There are things I would like to be better defined in this book. For example there are rather vague references to ancient Celtic practices which I think are inevitably insecurely documented and largely imagined by inventive archaeologists and eager present day seekers of meaning. 

'Vision Quest ' is a term used without explanation.

 Richard Hall is clearly very involved with myths and ritual but doesn't refer to James Hillman who has written much on these ideas.

 He is open about the difficulties a therapist faces and the problems of funding his organisation ran into. 

The book ends without explaining exactly where Richard Hall stands re many issues or what direction his life is going in now.
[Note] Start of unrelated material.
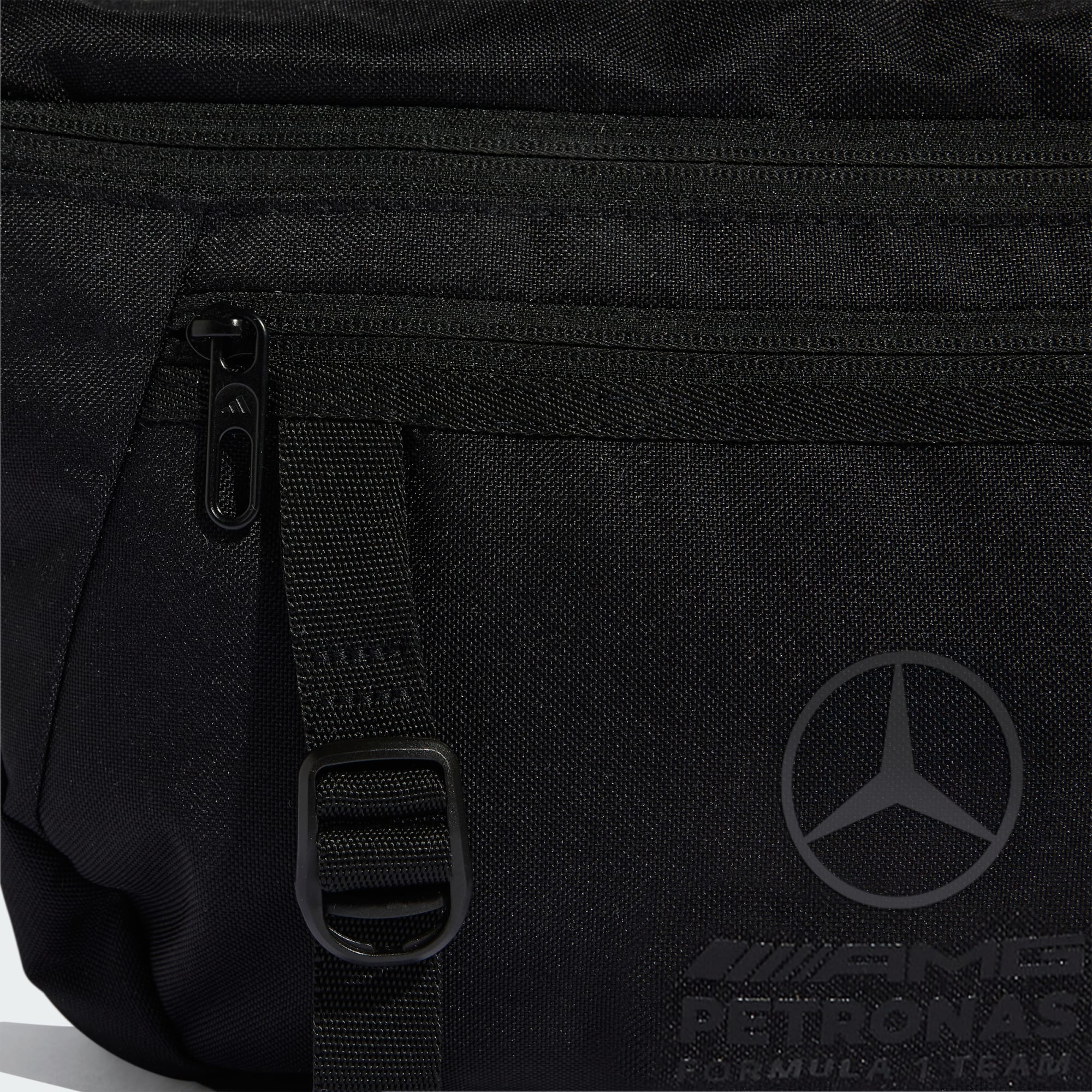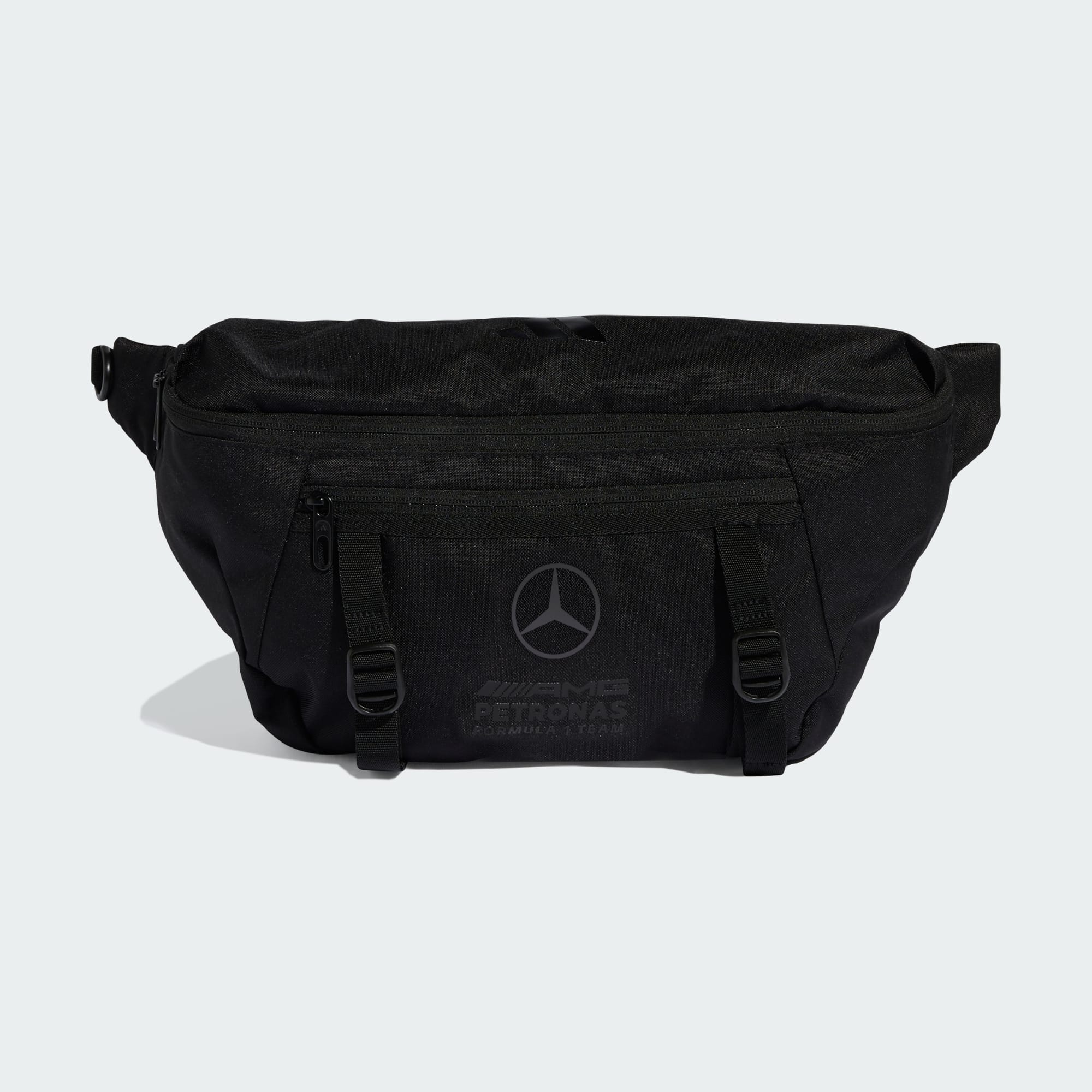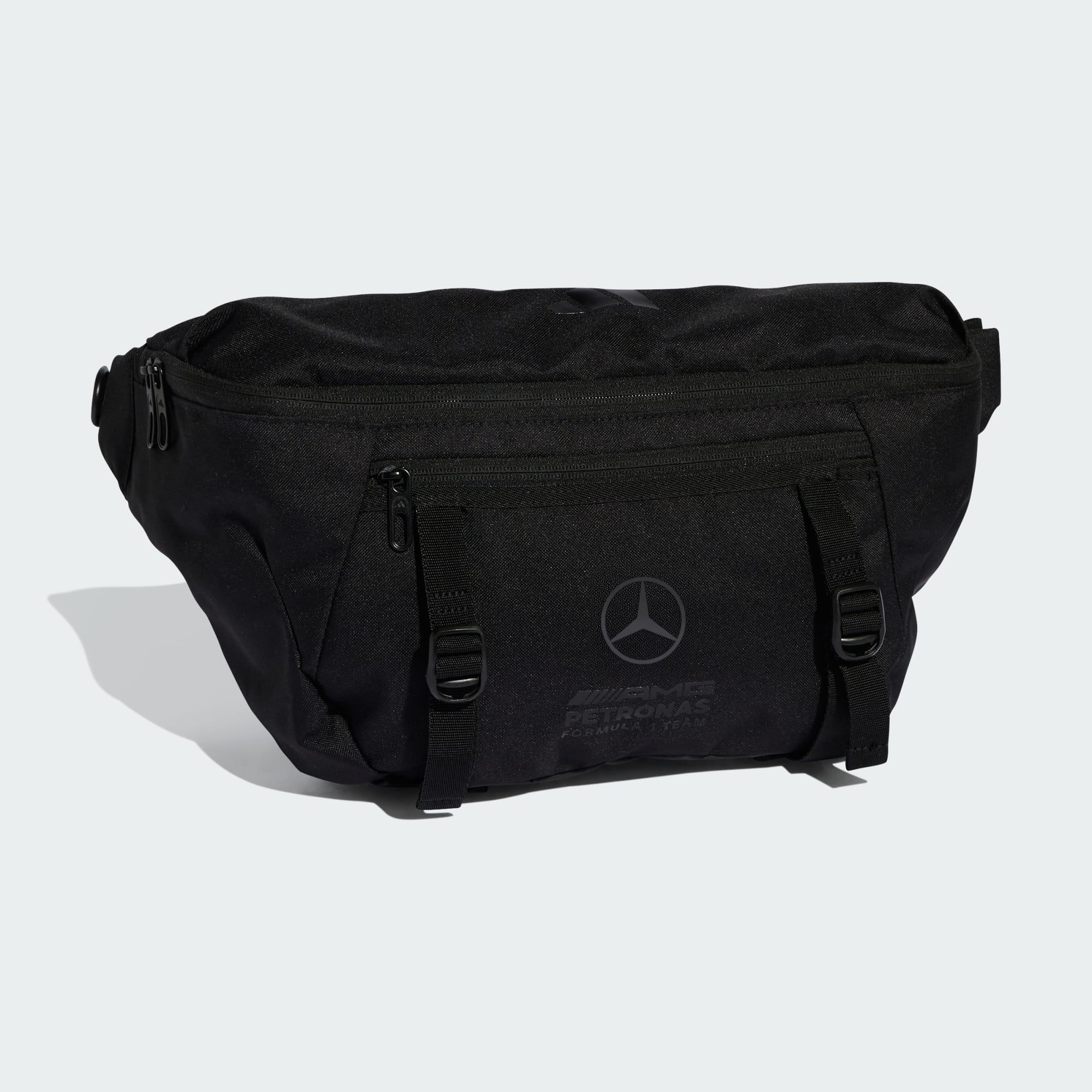 The Mercedes - AMG Petronas Formula 1 Team Lights Out Cross-Body bag is your go-to for style and functionality. Designed as a streetwear-inspired oversized waist bag, it offers multiple pockets for all your essentials. Crafted with a plain weave construction, it offers durability and a sleek look. The adjustable shoulder strap allows for a customised fit, making it comfortable to wear as you carry through the day. The top zip pocket provides easy access to your belongings, while the zip back pocket and side mesh pockets offer additional storage options. With the iconic Mercedes F1 and adidas lock-up logo, this cross-body bag showcases your passion for motorsport and style. Step into the future of fashion with this versatile accessory that complements any outfit.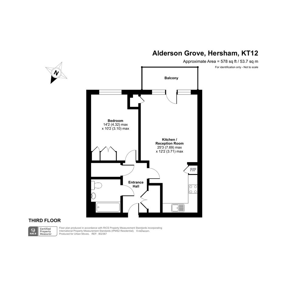 This smartly-presented, top-floor flat features a twenty-five-foot reception room with attractive flooring, open-plan kitchen area and a door that leads out onto a south/south-east-facing balcony. There is a spacious bedroom with fitted wardrobe, a simple white-tiled bathroom and a generous amount of storage space has been provided in the hallway. Well insulated walls and roof, high performance glazing and a modern gas central heating system all contribute towards a very good energy-efficiency rating. The property comes with the use of an allocated parking space plus Walton-on-Thames Station, for rail services between Woking/Basingstoke and London Waterloo, is only a short walk away.

 However overall I think it's a really interesting work about a very worthwhile outdoor therapy using sailing plus the workings of the group and the wisdom of the therapist.

Sunday, 26 September 2021

Open Studios-notes-St.Ives 2021





 
 
 

 Melissa Hampson.Smith I found by chance as I walked home. She lives just round the corner and had her work outside in the small front garden - safer because of covid.


 Gaia          

Colin Orchard was also nearby and always uses a square format. Only recently has he started to paint St.Ives

Third visit turned out to be an unopened studio as Suzi Gutierez had gone to Penzance but her husband let me in to have a look and I admired her new press.


Interesting chats at all three places about art and galleries and memories.

On the way home, observation revved up, I took a photo of a disused phone box.